Sara: Yeah now we are on the ground floor here so we’re good.


Renae: So what are you guys doing to maintain your sanity?


Zoe: This!


Renae: I hear you.


Zoe: Yeah, which is why I really wanted to do a project like this that involved communicating with all of our wonderful friends who have submitted artwork and reconnecting with folks like you guys and we’ve already Zoomed with Laura and Marion and having those conversations were really wonderful. And we were all crying by the end of our Zoom with Laura just because we love her so much! So this has definitely brought me a lot of joy within this crazy time.


Sofia: Yeah, I agree, this! And lots of just trying to see friends as much as possible through the computer screen which is still kind of a sad thing but, [I’ve been] making those connections when I can. Like, I have long calls with Miriam often on her farm now, and we have weekly Queery meetings at least which is really good.


Miriam: Yeah, I don’t know if you guys can hear me because I’m in a woodshed in the middle of a thunderstorm. But definitely Queery! I’ve been moving around a bit and staying with different grandparents and now I’m working on a farm, and it’s just nice to feel connected to [our high school]. Like [our school] is so special and last year felt so whole, and I feel like I got catharsis and clarity at the end of it, and just being able to still be in it is so special.
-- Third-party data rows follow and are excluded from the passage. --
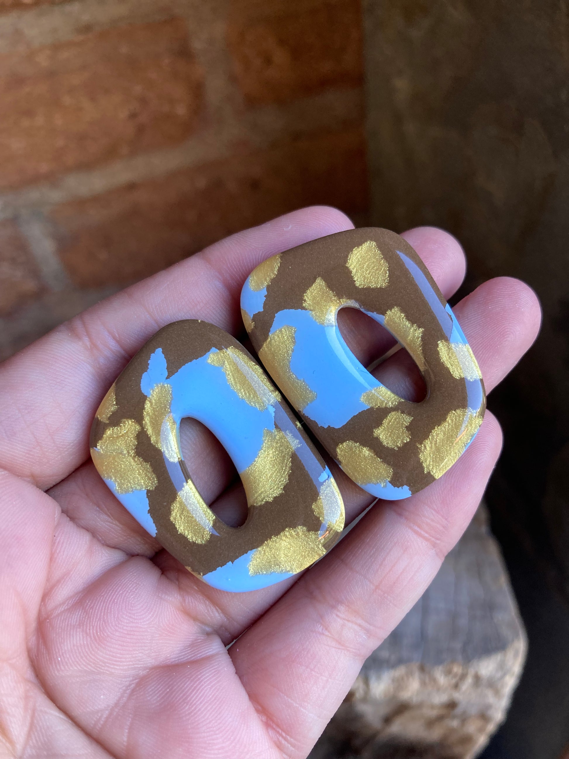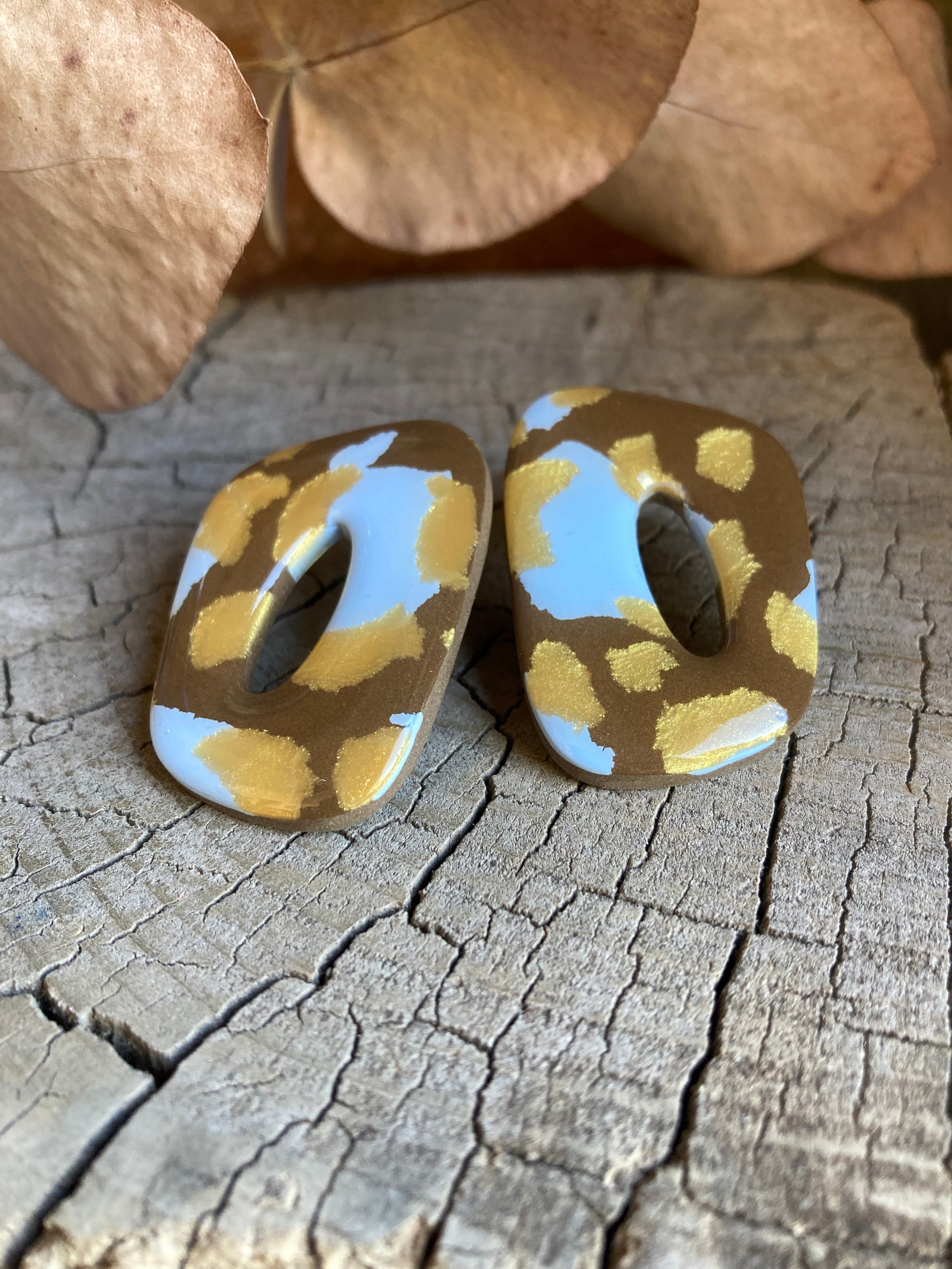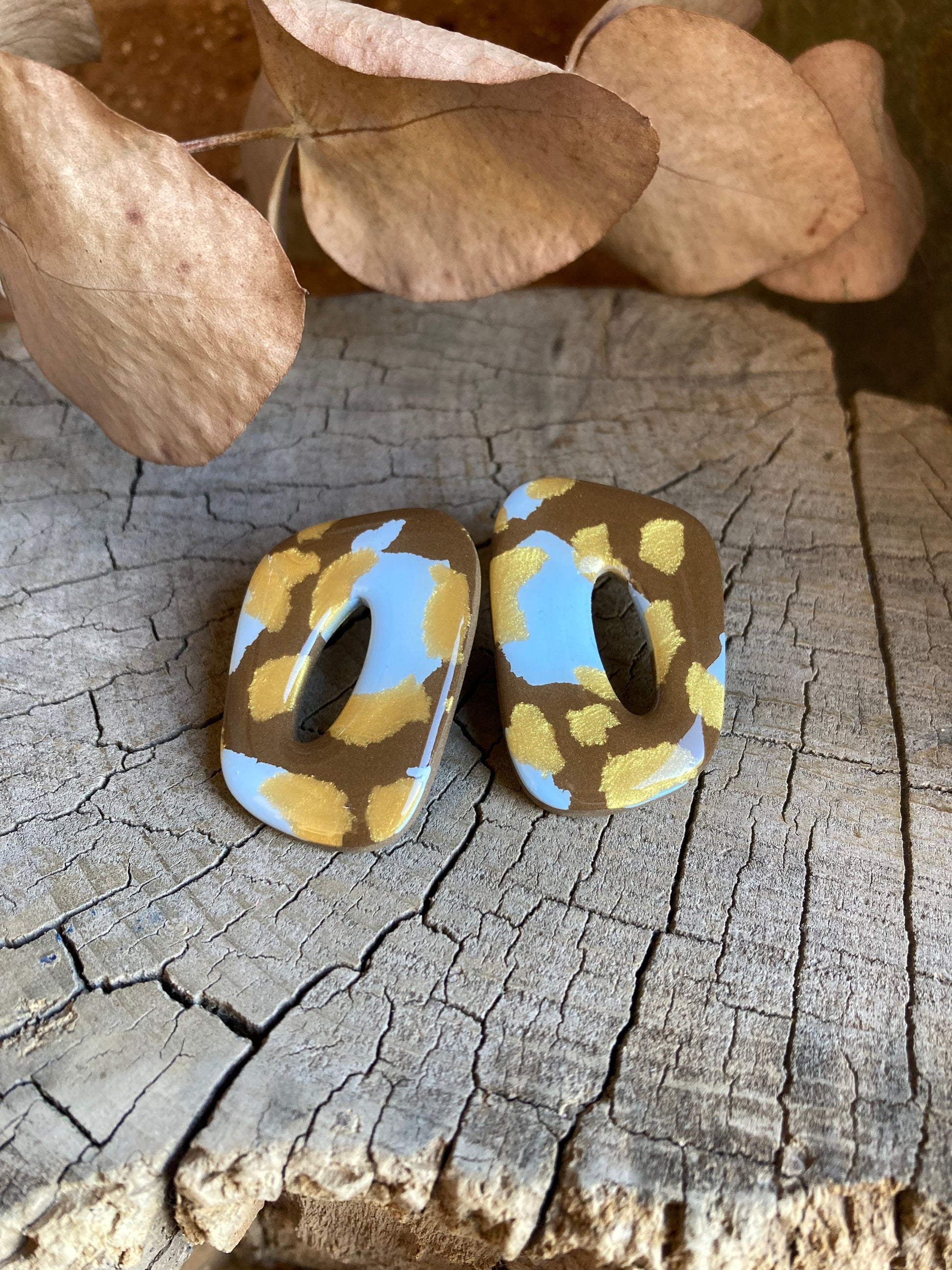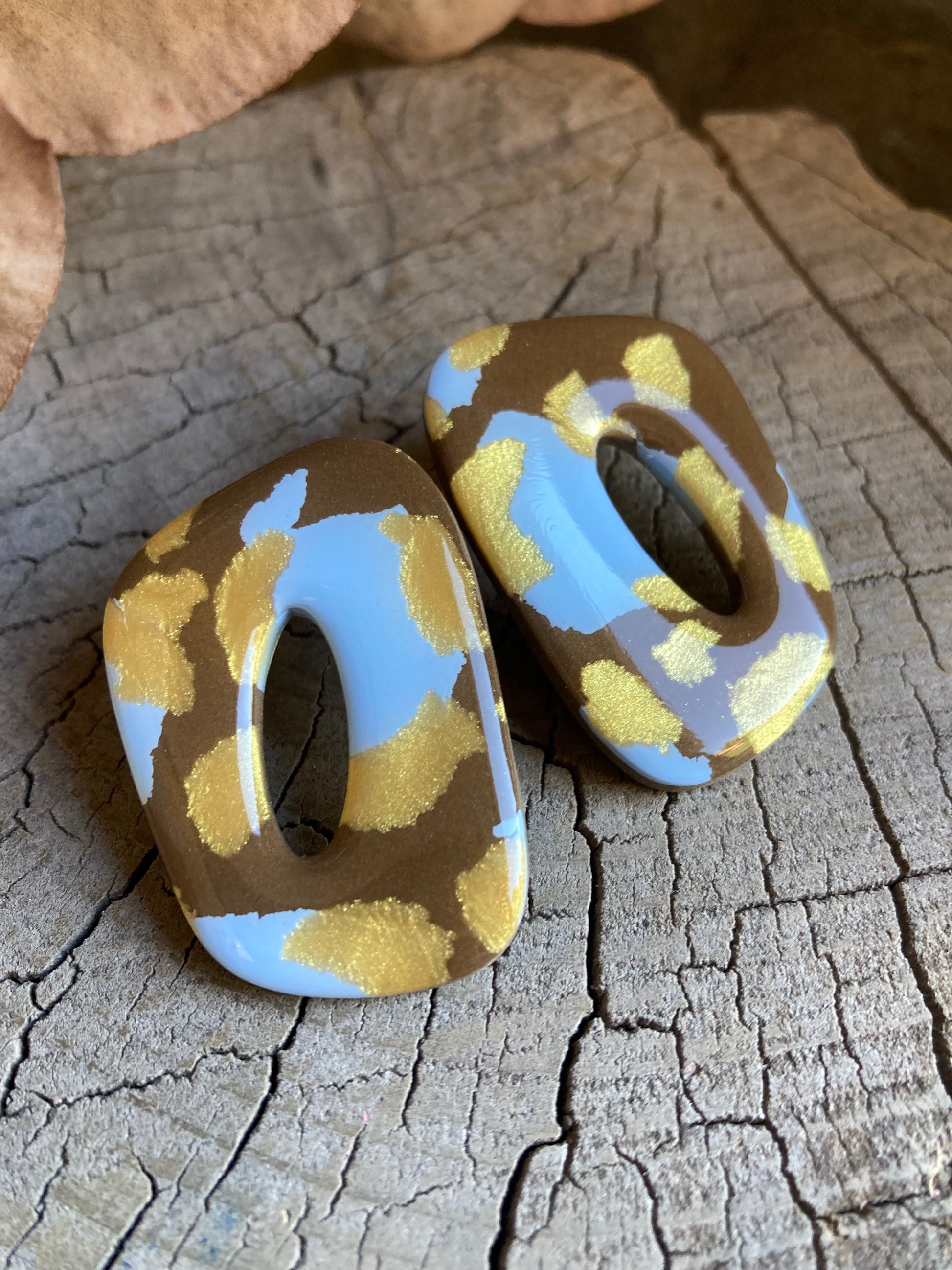 Aros de arcilla polimérica con top coat de resina uv. Miden 4 cms. Palito de acero quirúrgico y tope de goma.
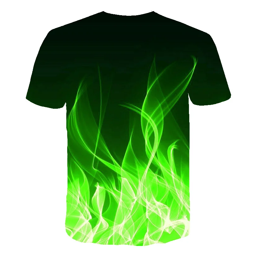 Мужская футболка с 3D-принтом зеленого пламени, зеленая психоделическая Повседневная футболка с круглым вырезом для пары, лето 2021
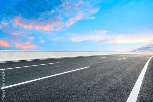Fototapeta premium Asphalt highway road and sky sunset clouds landscape.
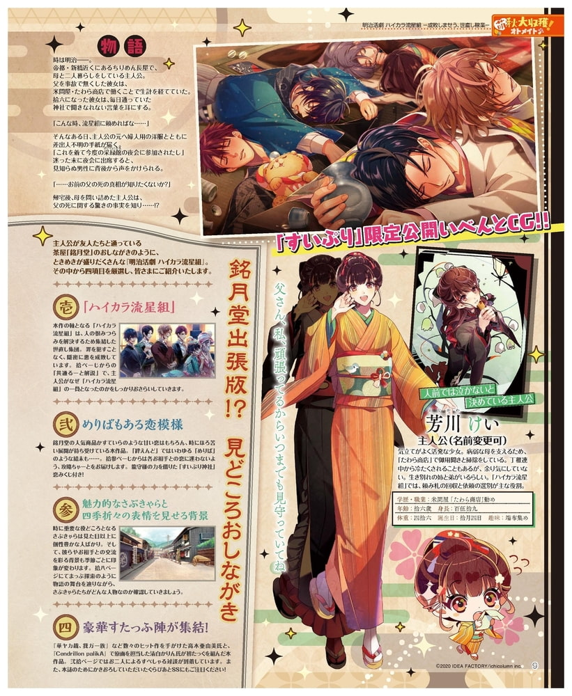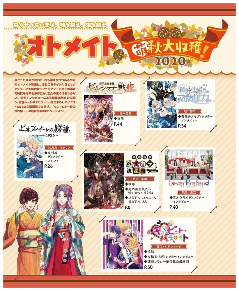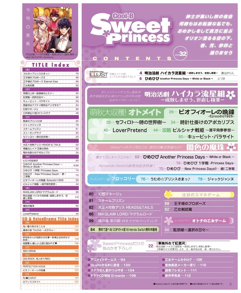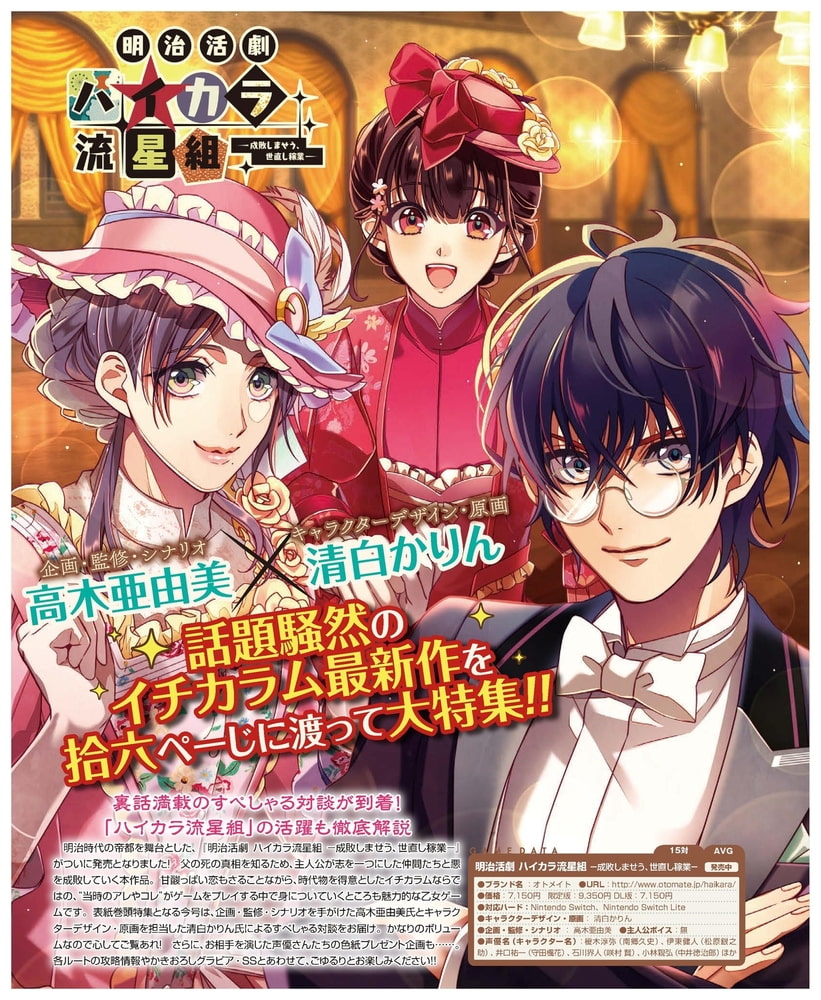 今号の表紙&巻頭特集はイチカラム最新作『明治活劇 ハイカラ流星組』。制作陣の特別対談や攻略情報と見どころ満載!めろ氏と雨宮うた氏の最強タッグで贈る『闇色の魔珠』最新情報もお届け。最新作が発売間近な『ひめひび』シリーズの特集も必見。
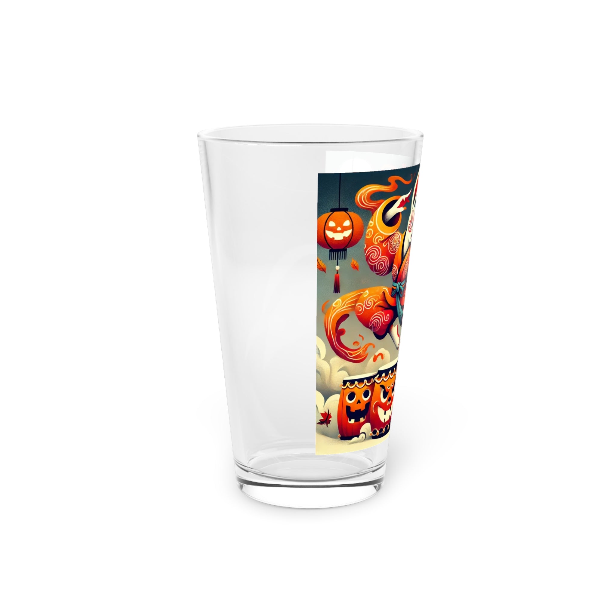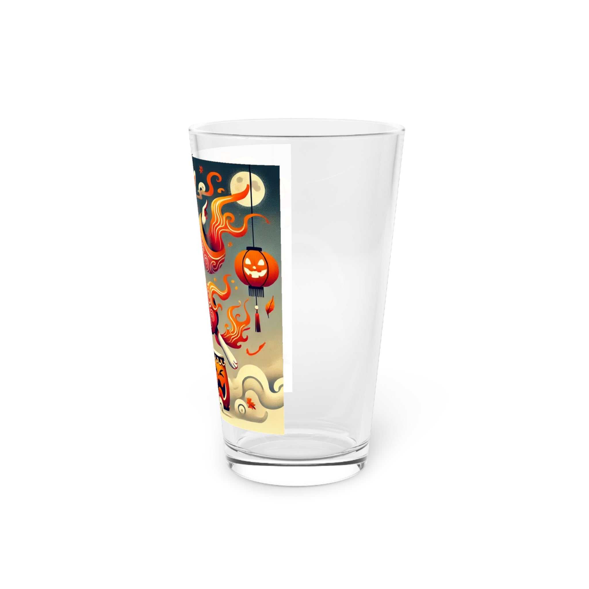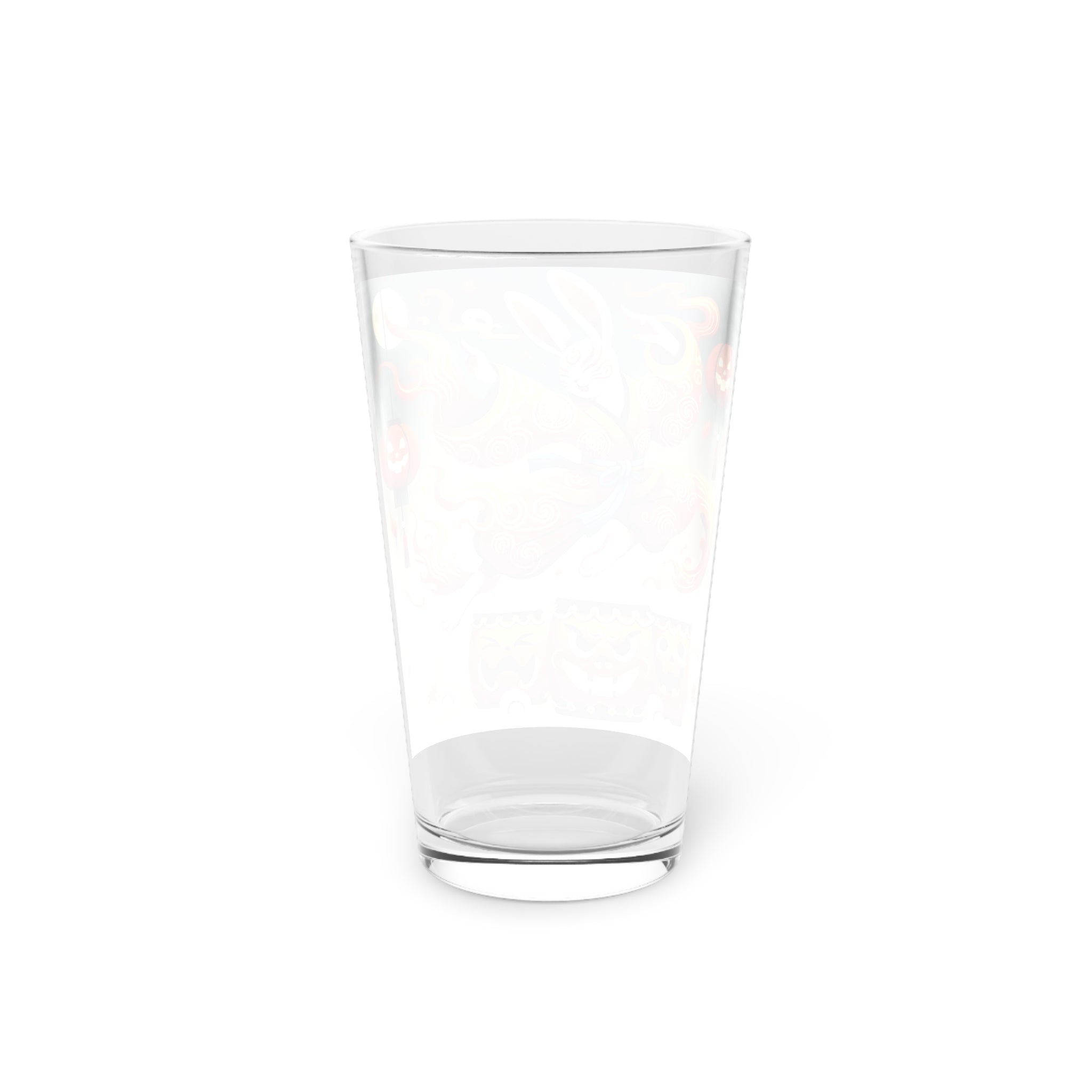 Bring energy and artistry to your table with this 16oz pint glass, perfect for everyday use or festive gatherings. Its tall, transparent design is versatile for any beverage and makes a thoughtful housewarming gift. The glass showcases a bold Halloween scene where a Kabuki-inspired rabbit, draped in flame-patterned robes, leaps dynamically over glowing jack-o’-lantern drums. The vibrant flat-style colors and theatrical motion merge Japanese drama with spooky seasonal fun, transforming a simple pint glass into a striking celebration of culture, mischief, and Halloween magic.
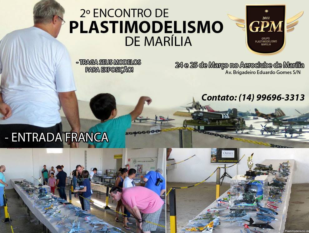 O GPM - Grupo de Plastimodelismo de Marília realiza neste fim de semana (sábado e domingo, das 9 às 17h), o 2º Encontro de Plastimodelismo de Marília que vai reunir praticantes de todo o Brasil. O evento será realizado no Aeroclube e aberto à população, que poderá conhecer um pouco mais sobre essa atividade que a cada
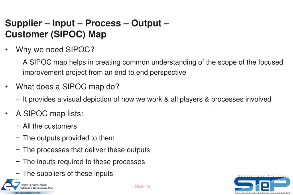 Supplier – Input – Process – Output – Customer (SIPOC) Map • Why we need SIPOC? • A SIPOC map helps in creating common understanding of the scope of the focused improvement project from an end to end perspective • What does a SIPOC map do? • It provides a visual depiction of how we work & all players & processes involved • A SIPOC map lists: • All the customers • The outputs provided to them • The processes that deliver these outputs • The inputs required to these processes • The suppliers of these inputs
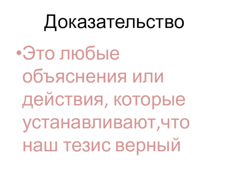 ДоказательствоЭто любые объяснения или действия, которые устанавливают,что наш тезис верный

And talking to you guys, I just feel like there is a really strong queer community especially in faculty in staff at [our high school], and it shaped me in ways that I’m just being able to name now. And it’s been lovely to be swimming through that. And Zoe and Sofia are brilliant and wonderful as always, as are you!


Renae: Yeah, I worry about your generation because this is the time when you’re out there doing the big social stuff and making those connections and figuring out your world and stuff and now you just have to Zoom about it, so that kind of sucks. But at least you got a prom and a pizza party and all of the other good stuff!


Zoe: That’s so true, I’m so grateful that we were able to get our senior year.


Renae: Yeah, I feel bad for this year’s class.


Sara: But it’s been fun to see--like Papi Juice’s Zoom party--like what people are making of right now, even this! Seeing Queery get put online and have another iteration and another form. And I don’t think a lot of these things would’ve happened.


Renae: That’s true, there are definitely a lot of new spaces.


Note: Interview has been lightly edited for clarity.